Sent from my Pixel 2 using Tapatalk
 

big residual

Passed Driver's Ed
Location
US
Definitely upgrade to SRF or RBF600/660 for brake fluid. Much higher wet and dry boiling points, less likely to let you cool your fluid. I change out every 2 mos or so during track season, which is probably 4-6 events. I think it’s paranoid but healthy. Pads last me a long time, rotors were only down 1-2 mm after a full season—caveat: I run a StopTech BBK on my R and it makes brake life easier overall.
 

NoGodGetOverIt

Autocross Champion
Location
NC
Car(s)
2017 GTI SE/DSG
Are you still on the stock Cinturatos? Looks like you were holding the corners pretty well!
 

Mini7

Autocross Champion
Location
Charlotte, NC
Car(s)
2017 GTi Sport PP
Really, a set of pads gone after one track day? I have yet to do my first one, but sounds this will cost me more than I thought.
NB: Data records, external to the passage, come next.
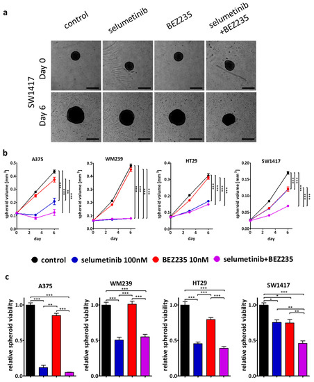 In order to validate our 2D findings in spheroid models, the cell lines with synergism in the combination treatments (WM239, SW1417; CI < 1) and two cell lines with only additive effects (A375, HT29, CI ≈ 1) were selected for three-dimensional experiments. Representative pictures demonstrate the effect of the treatments (Figure 4a and Figure S2). The volume growth of the spheroids was significantly inhibited upon treatment with selumetinib and selumetinib + BEZ235 in all four cell lines (Figure 4b). The combination seemed to be slightly more effective than the single selumetinib treatment in A375 and HT29 spheroids. Importantly, in SW1417, the combination treatment was significantly more effective when compared to the single treatments. Furthermore, CCK8 viability measurement confirmed the spheroid volume results (Figure 4c).
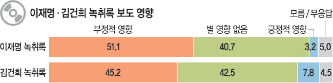 이에 반해 이 후보 지지층은 ‘부정적 영향을 미칠 것’이란 응답이 76.3%이었다. 중도층에선 김 씨 녹취록 보도가 ‘별 영향이 없을 것’이란 응답이 46.9%로 가장 높았고, 이 후보 녹취록 공개에 대해선 ‘부정적 영향을 미칠 것’이라고 답한 유권자는 과반인 52.8%였다.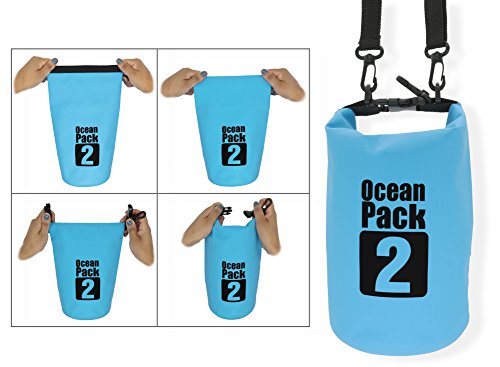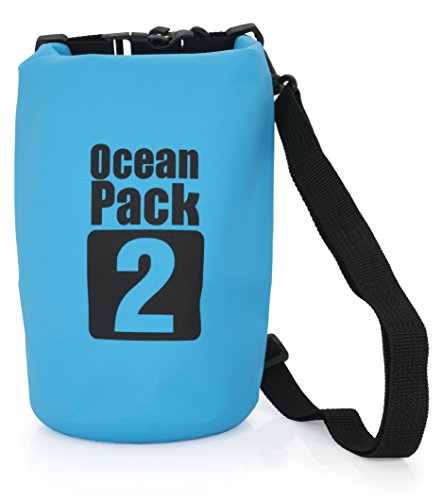 MyGadget Borsa Impermeabile 2L - Dry Bag Waterproof per Spiaggia, Piscina e Sport come Canottaggio Vela Kayak Rafting Pesca - Blu chiaro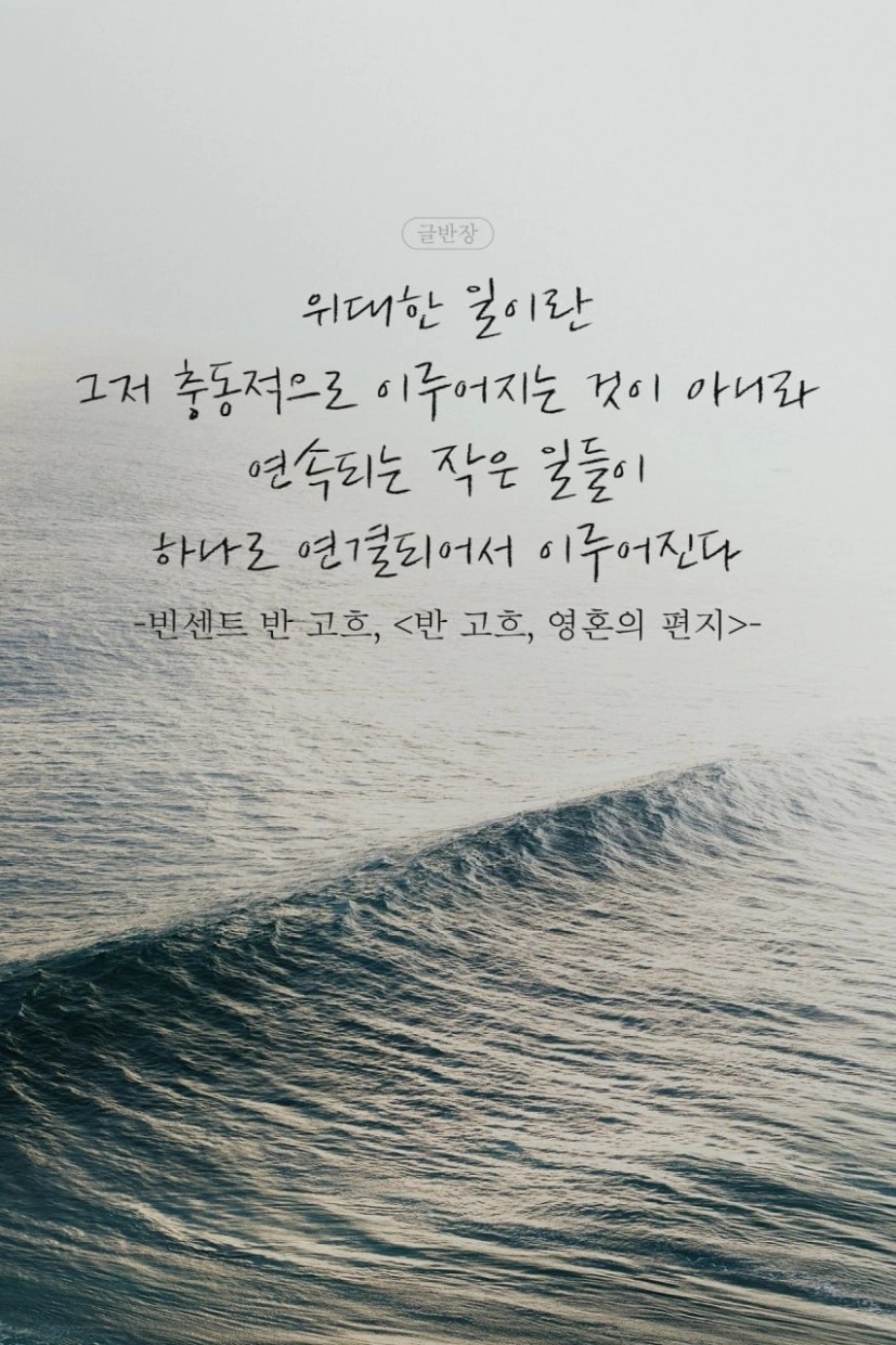 위대한 일이란 그저 충동적으로 이루어지는 것이 아니라연속되는 작은 일들이 하나로 연결되어서 이루어진다.-빈센트 반 고흐, <반 고흐, 영혼의 편지>-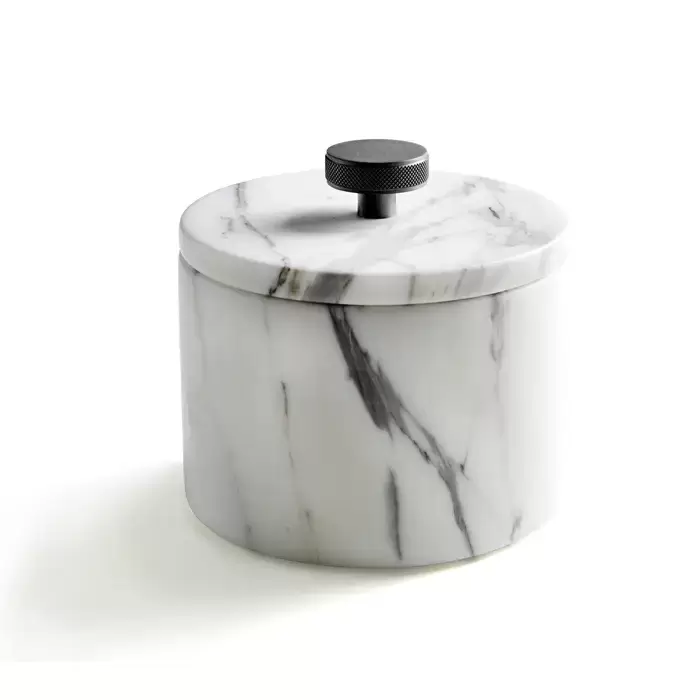 3SC Apuana 2.0 Контейнер с крышкой настольный d12хh8,5 см, цвет: мрамор White Statuario/никель черный матовый

Sent from my Pixel 2 using Tapatalk

I have 6-days and 5000 miles on my pagids. Still plenty of life left in the pads. I’m saying that I would get stock pads to fade were I to run them on track. Once they are glazed due to excessive heat they are pretty much toast and not effective in slowing you down. If you are going out for the first time you may be OK depending on how you use the brakes. But if you have progressed out of the novice run groups you will be starting to compress your brake zones. Stock pads are going to fade. My PP rotors have minimal wear with the pagid pads but have heat cracks. Still useable on the road but for another 2-day track weekend, I would not be comfortable using them so they will be replaced. It’s just not worth the risk.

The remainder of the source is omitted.